* [Your assignment] Going through the material below, output exactly the lines from the one containing "记者看到,工厂不远处就是农田" through the one containing "Clockwise: Heuchera ‘Paris’, Tiarella", and no pictures.
━━ Material for this task
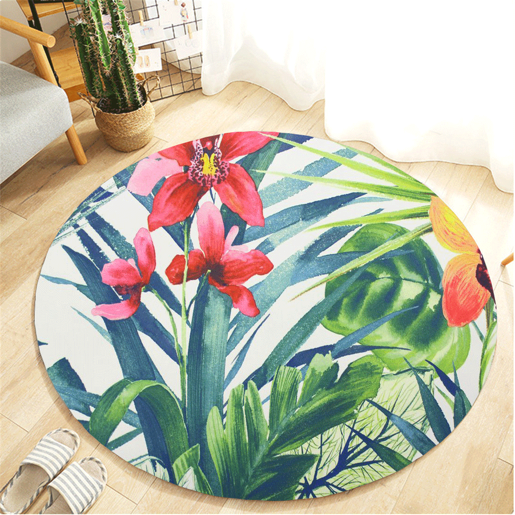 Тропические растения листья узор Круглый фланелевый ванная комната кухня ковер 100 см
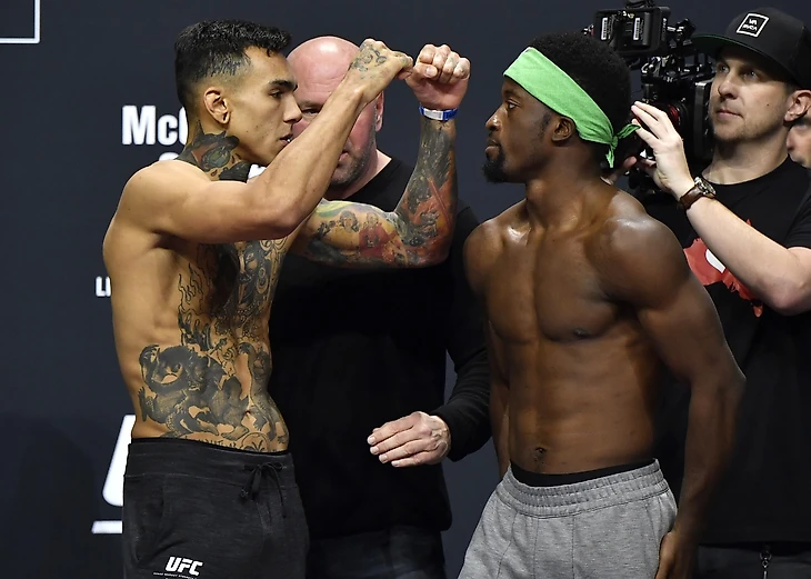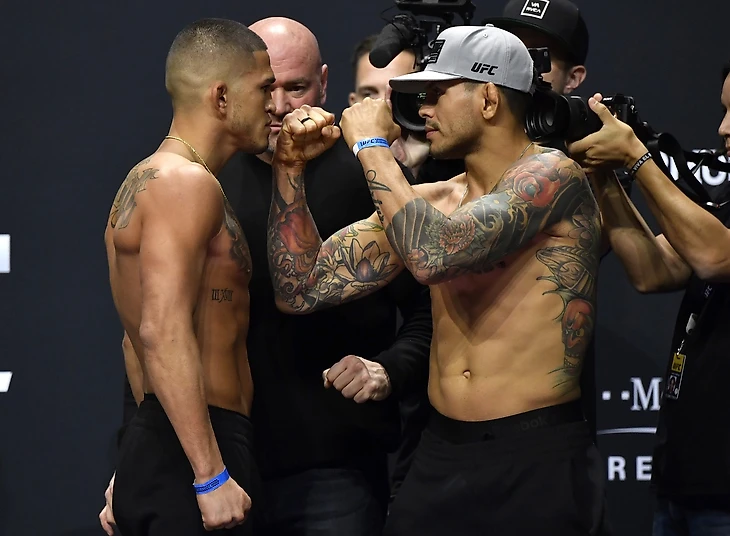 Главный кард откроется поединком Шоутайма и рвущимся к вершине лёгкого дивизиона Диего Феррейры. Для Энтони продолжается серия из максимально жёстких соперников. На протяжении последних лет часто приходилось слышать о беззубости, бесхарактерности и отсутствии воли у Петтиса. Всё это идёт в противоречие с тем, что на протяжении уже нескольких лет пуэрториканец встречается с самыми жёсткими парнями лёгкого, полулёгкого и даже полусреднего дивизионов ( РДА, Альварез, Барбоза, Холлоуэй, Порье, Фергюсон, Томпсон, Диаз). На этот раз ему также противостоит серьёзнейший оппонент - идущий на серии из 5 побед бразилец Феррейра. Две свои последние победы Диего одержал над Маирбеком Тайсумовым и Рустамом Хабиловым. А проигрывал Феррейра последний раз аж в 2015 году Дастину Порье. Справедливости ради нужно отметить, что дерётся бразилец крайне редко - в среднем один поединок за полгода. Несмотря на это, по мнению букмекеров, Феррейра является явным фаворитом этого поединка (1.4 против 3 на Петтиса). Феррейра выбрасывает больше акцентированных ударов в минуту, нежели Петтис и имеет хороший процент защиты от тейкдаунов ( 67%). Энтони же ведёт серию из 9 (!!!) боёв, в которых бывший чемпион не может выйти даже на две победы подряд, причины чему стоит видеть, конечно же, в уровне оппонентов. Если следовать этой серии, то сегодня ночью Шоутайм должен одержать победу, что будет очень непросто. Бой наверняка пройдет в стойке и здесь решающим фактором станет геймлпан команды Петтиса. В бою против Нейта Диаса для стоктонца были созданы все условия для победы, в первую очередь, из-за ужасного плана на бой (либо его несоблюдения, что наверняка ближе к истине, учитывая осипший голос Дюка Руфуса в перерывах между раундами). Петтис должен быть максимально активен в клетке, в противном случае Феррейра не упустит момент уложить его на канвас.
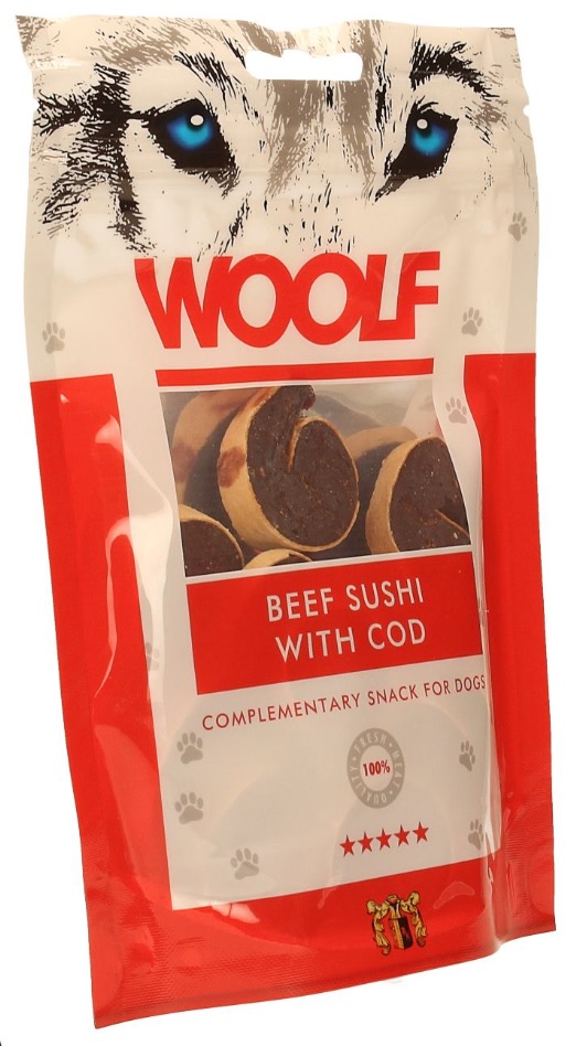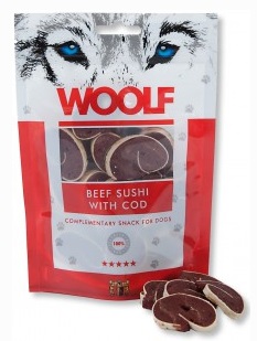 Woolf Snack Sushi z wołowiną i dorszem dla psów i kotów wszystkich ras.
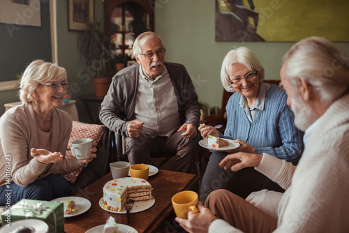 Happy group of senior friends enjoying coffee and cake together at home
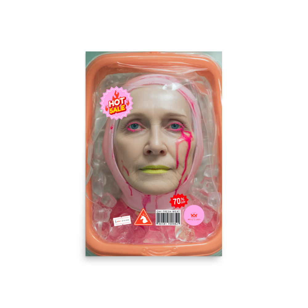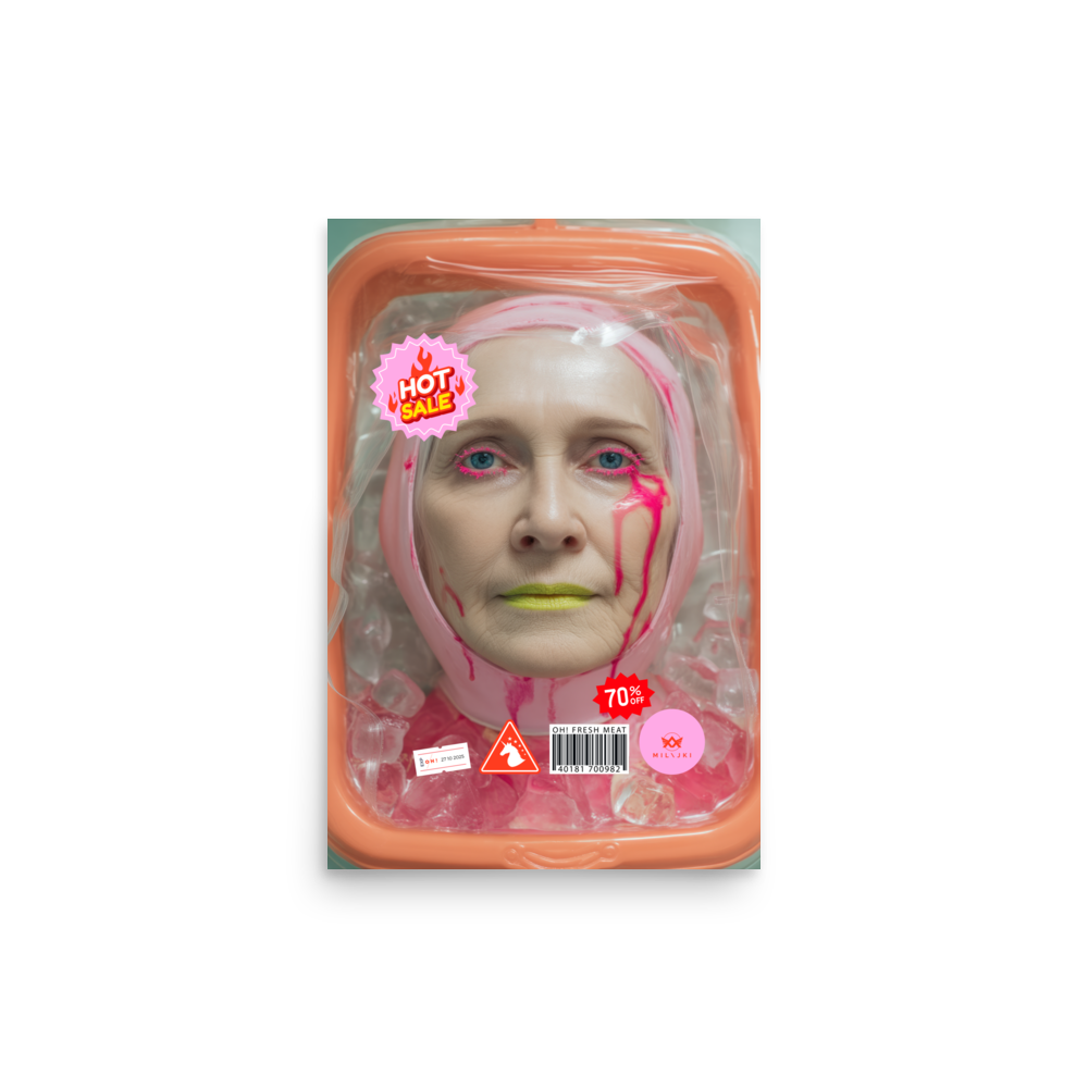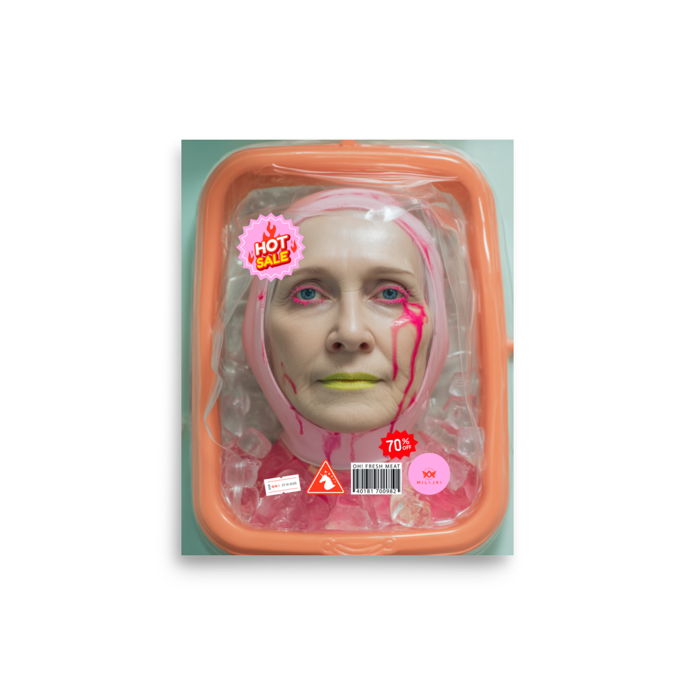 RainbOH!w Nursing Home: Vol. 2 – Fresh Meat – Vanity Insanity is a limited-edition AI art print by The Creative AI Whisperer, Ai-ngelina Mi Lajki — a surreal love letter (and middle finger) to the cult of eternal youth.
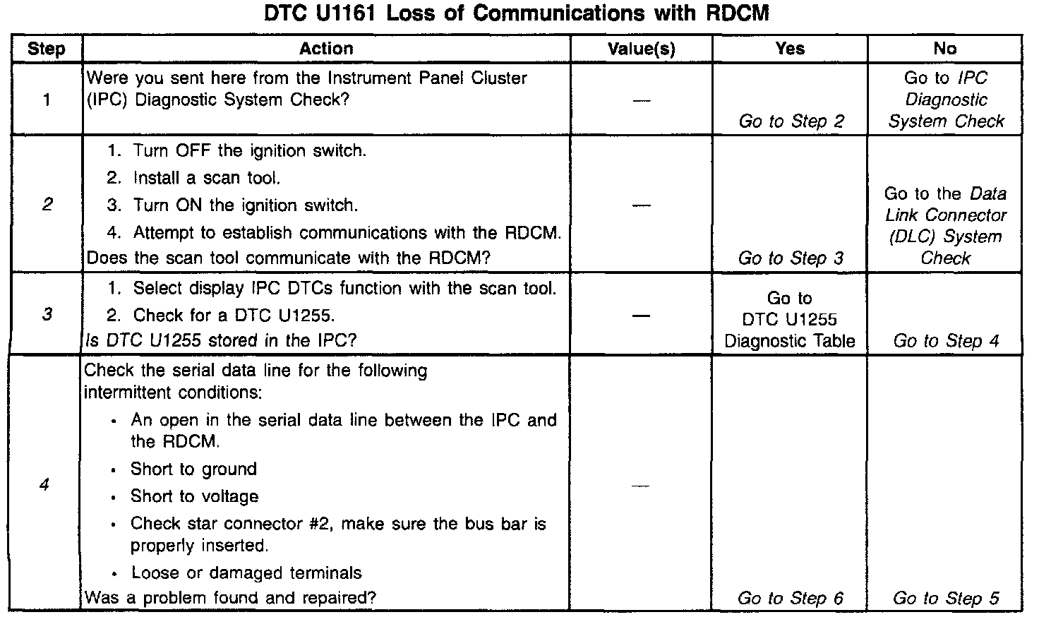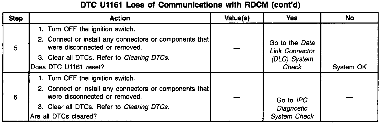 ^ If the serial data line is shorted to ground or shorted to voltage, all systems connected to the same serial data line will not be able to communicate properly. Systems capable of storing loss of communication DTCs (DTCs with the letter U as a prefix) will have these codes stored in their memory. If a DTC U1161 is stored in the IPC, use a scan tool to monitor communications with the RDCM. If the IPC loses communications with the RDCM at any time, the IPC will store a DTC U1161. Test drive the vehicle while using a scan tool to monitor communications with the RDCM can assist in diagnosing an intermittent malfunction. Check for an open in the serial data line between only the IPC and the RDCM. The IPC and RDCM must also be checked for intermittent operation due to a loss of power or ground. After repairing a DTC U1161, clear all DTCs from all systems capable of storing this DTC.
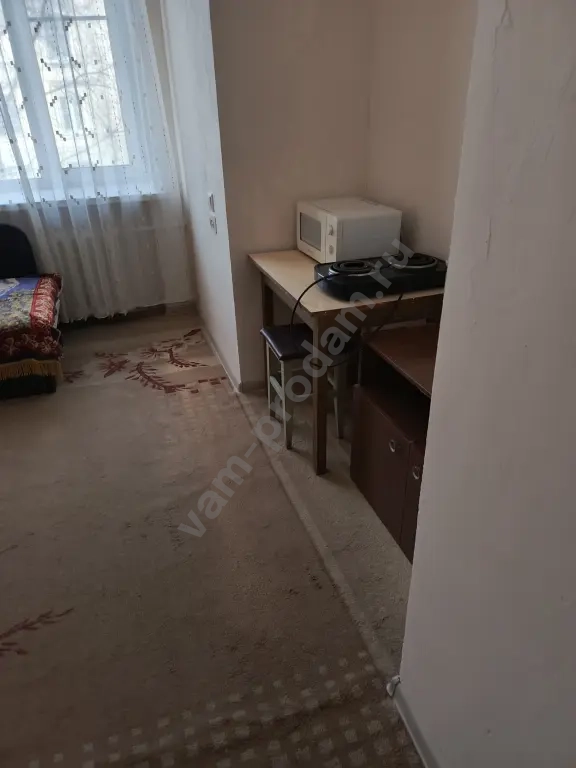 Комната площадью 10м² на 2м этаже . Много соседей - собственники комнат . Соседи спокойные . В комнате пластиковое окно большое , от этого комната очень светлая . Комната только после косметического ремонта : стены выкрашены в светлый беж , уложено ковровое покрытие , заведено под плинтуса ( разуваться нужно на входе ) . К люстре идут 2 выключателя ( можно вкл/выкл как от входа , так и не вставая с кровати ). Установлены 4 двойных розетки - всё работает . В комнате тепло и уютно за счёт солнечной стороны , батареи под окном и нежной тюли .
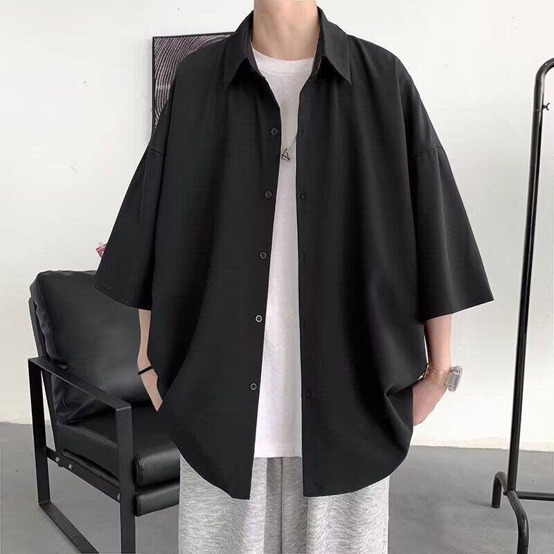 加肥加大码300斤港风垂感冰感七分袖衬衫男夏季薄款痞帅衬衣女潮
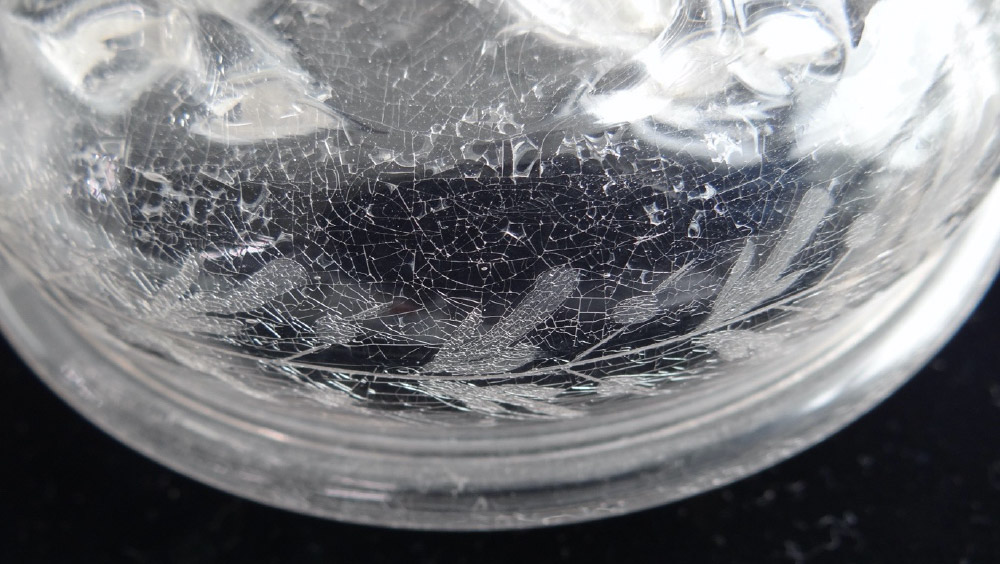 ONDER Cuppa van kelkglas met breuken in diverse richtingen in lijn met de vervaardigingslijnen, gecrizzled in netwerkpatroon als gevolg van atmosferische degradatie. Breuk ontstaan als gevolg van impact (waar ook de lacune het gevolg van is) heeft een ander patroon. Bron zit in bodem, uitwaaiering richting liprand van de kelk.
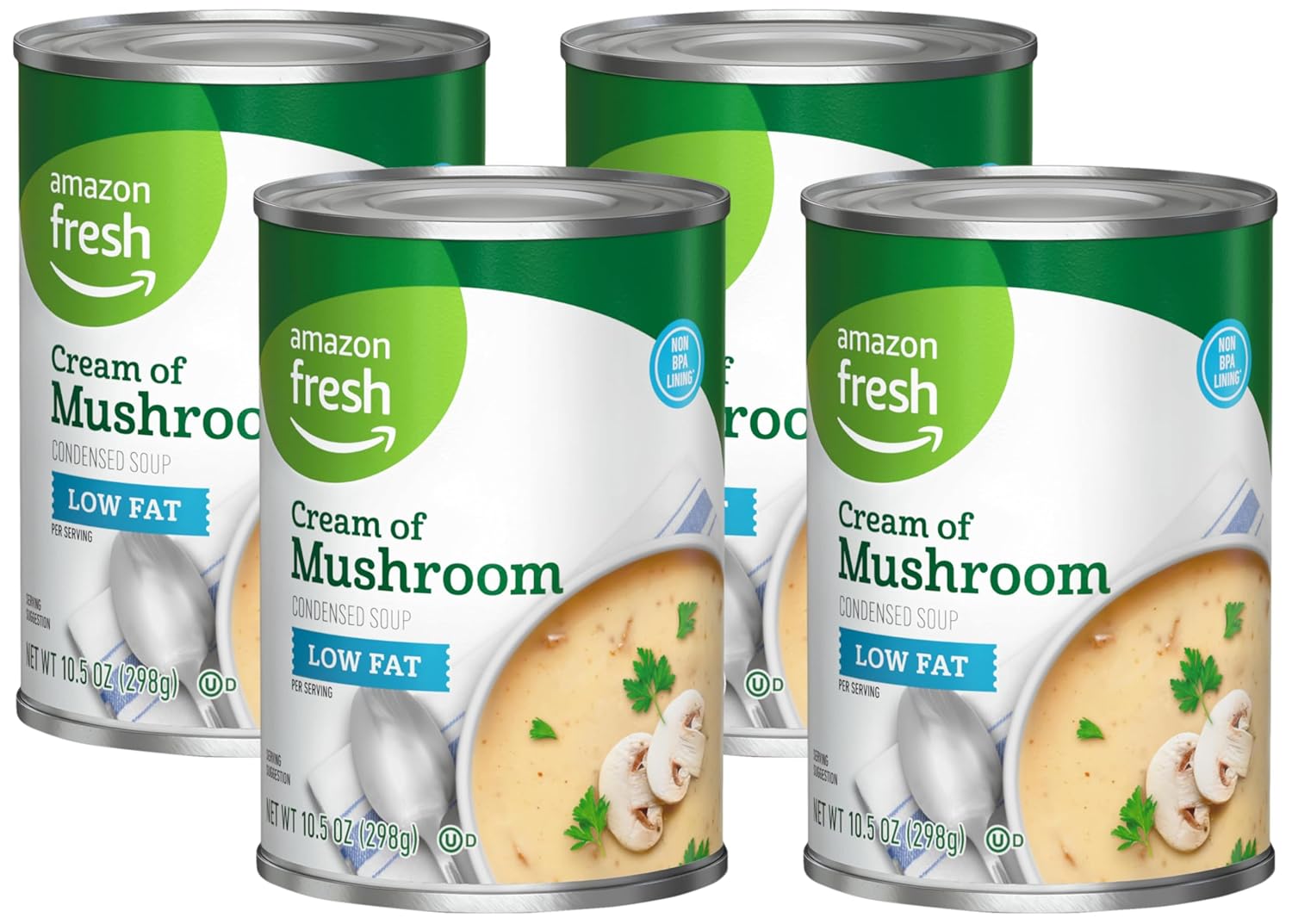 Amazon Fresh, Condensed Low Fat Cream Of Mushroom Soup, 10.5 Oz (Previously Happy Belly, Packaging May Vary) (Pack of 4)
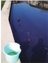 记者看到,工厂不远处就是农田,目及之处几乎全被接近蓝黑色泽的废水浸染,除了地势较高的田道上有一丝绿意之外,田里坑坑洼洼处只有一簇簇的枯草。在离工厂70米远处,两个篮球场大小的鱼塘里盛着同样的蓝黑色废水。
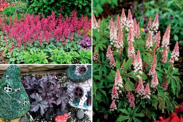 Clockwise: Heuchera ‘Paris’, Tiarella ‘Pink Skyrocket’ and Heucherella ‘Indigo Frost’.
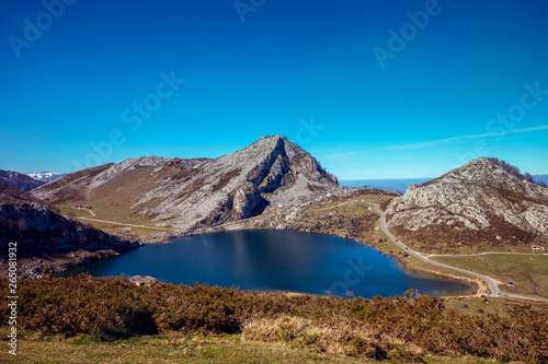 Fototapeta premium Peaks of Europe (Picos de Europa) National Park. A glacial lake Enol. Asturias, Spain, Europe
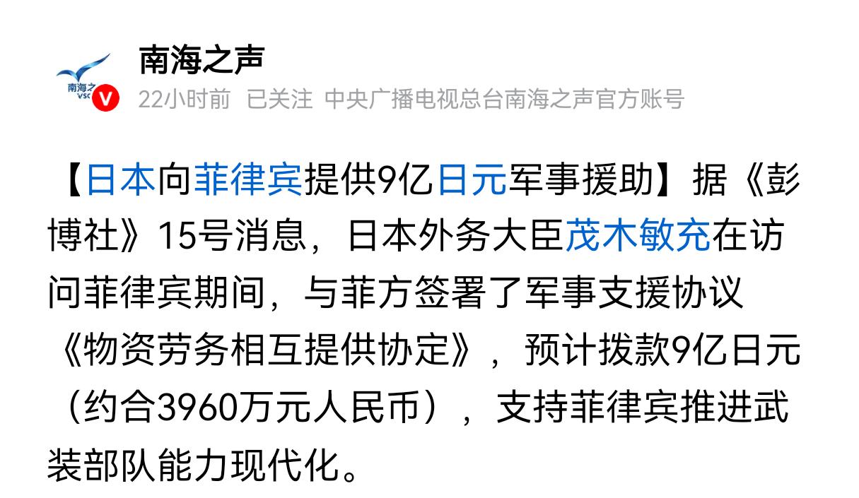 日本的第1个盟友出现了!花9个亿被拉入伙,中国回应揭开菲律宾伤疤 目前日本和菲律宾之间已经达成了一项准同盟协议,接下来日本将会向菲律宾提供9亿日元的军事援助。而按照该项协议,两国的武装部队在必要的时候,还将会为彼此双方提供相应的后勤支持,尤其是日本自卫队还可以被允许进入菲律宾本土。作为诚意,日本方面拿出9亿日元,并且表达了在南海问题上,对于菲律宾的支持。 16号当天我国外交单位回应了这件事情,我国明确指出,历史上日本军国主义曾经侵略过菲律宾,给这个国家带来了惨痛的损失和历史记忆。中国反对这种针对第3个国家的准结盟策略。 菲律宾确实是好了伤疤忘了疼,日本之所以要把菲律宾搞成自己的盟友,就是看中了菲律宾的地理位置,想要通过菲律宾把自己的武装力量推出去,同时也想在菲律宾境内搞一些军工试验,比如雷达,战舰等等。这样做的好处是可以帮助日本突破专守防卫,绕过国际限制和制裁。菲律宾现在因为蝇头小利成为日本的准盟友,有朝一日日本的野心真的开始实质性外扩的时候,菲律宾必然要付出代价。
━━━━
* [Written solution]
 记者看到,工厂不远处就是农田,目及之处几乎全被接近蓝黑色泽的废水浸染,除了地势较高的田道上有一丝绿意之外,田里坑坑洼洼处只有一簇簇的枯草。在离工厂70米远处,两个篮球场大小的鱼塘里盛着同样的蓝黑色废水。
 Clockwise: Heuchera ‘Paris’, Tiarella ‘Pink Skyrocket’ and Heucherella ‘Indigo Frost’.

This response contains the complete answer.